On July 12, 2018, Biggins filed a petition for writ of mandamus, 28 U.S.C. § 1651,
in this Court seeking to remove United States District Judge Gregory M. Sleet from
presiding over his civil action, Biggins v. Minner, D.C. Civ. No. 17-cv-01739, now
pending in the District of Delaware. Biggins contends that Judge Sleet is biased against
him and has been since 2001, based on Biggins’ history of filing numerous lawsuits. As
further evidence in support of his claim of personal bias, Biggins notes that we recently
summarily reversed an order of Judge Sleet’s denying Biggins’ in forma pauperis
application in D.C. Civ. No. 17-cv-01739. He also asserts that, in May 2018, he filed a
motion in the District Court pursuant to 28 U.S.C. § 455(a) seeking Judge Sleet’s
removal.
Our review of the proceedings before Judge Sleet reveals the following.
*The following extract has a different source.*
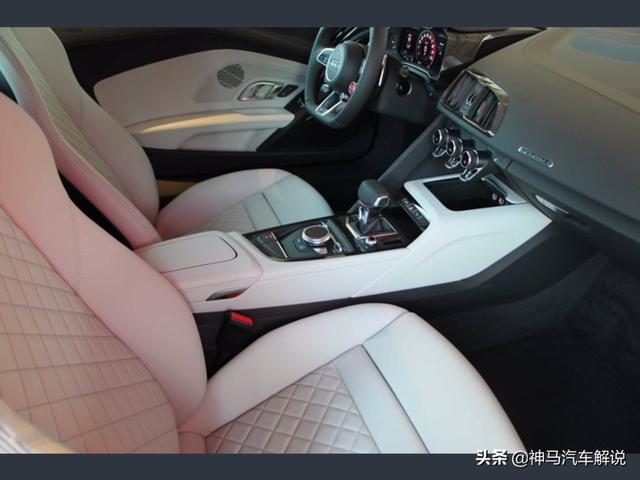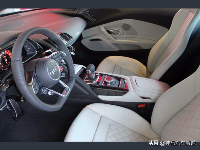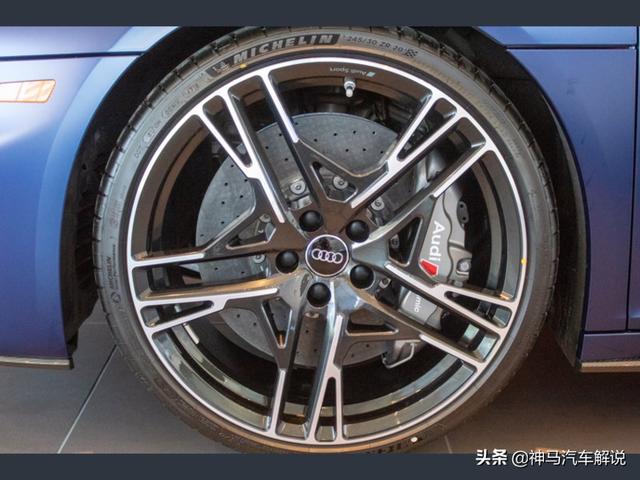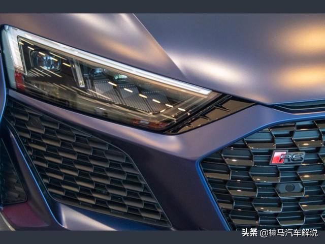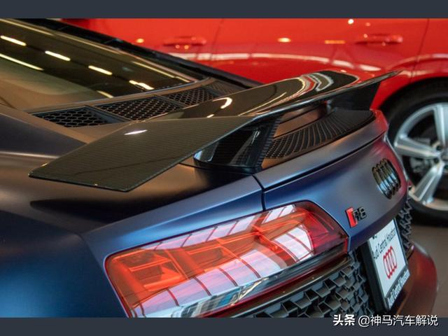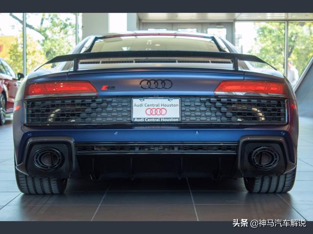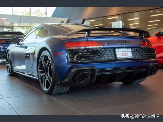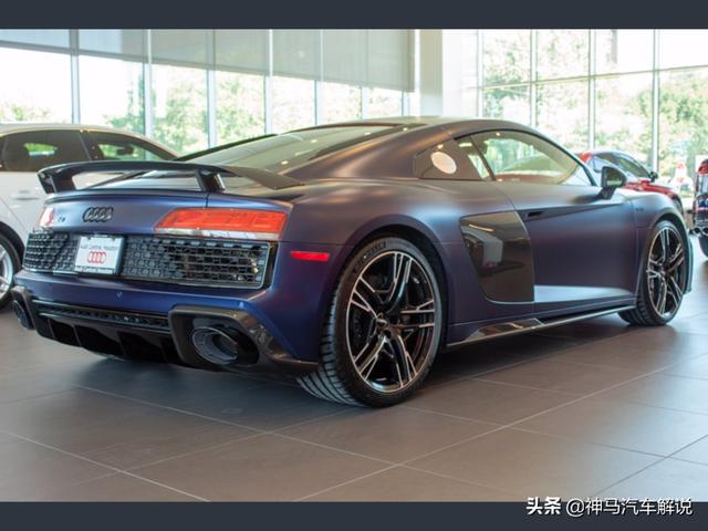 新款 奥迪R8 ,定位跑车,海外实拍。外观采用蓝色涂装,前脸采用家族式的设计语言,低矮的车头非常有冲击性,进气格栅采用六边形造型,中网采用蜂窝状的设计,前大灯采用犀利个性的造型,日间行车灯点亮后效果出色,前包围设计运动。侧面车身比例协调,车顶线以及窗线流畅清晰,无边框车门设计时尚,后视镜设计精致,轮拱造型很有立体感,轮毂采用独特时尚的造型。尾部夸张的尾翼很有运动感,尾灯采用潮流时尚的造型,排气采用双边共两出的设计。内饰采用家族式的设计风格,方向盘造型运动,仪表显示信息丰富,按键阻尼适中,档把手感细腻,座椅包裹性好,做工精细,用料考究。

In
December 2017, Biggins filed a civil rights action pursuant to 42 U.S.C. § 1983, alleging
correctional staff deficiencies, medical staff deficiencies, and hazardous environmental
conditions at the James T. Vaughn Correctional Center in Smyrna, Delaware. Biggins
also filed a motion for emergency injunctive relief. After we reversed his original order,
Judge Sleet granted Biggins leave to proceed in forma pauperis in this civil rights action.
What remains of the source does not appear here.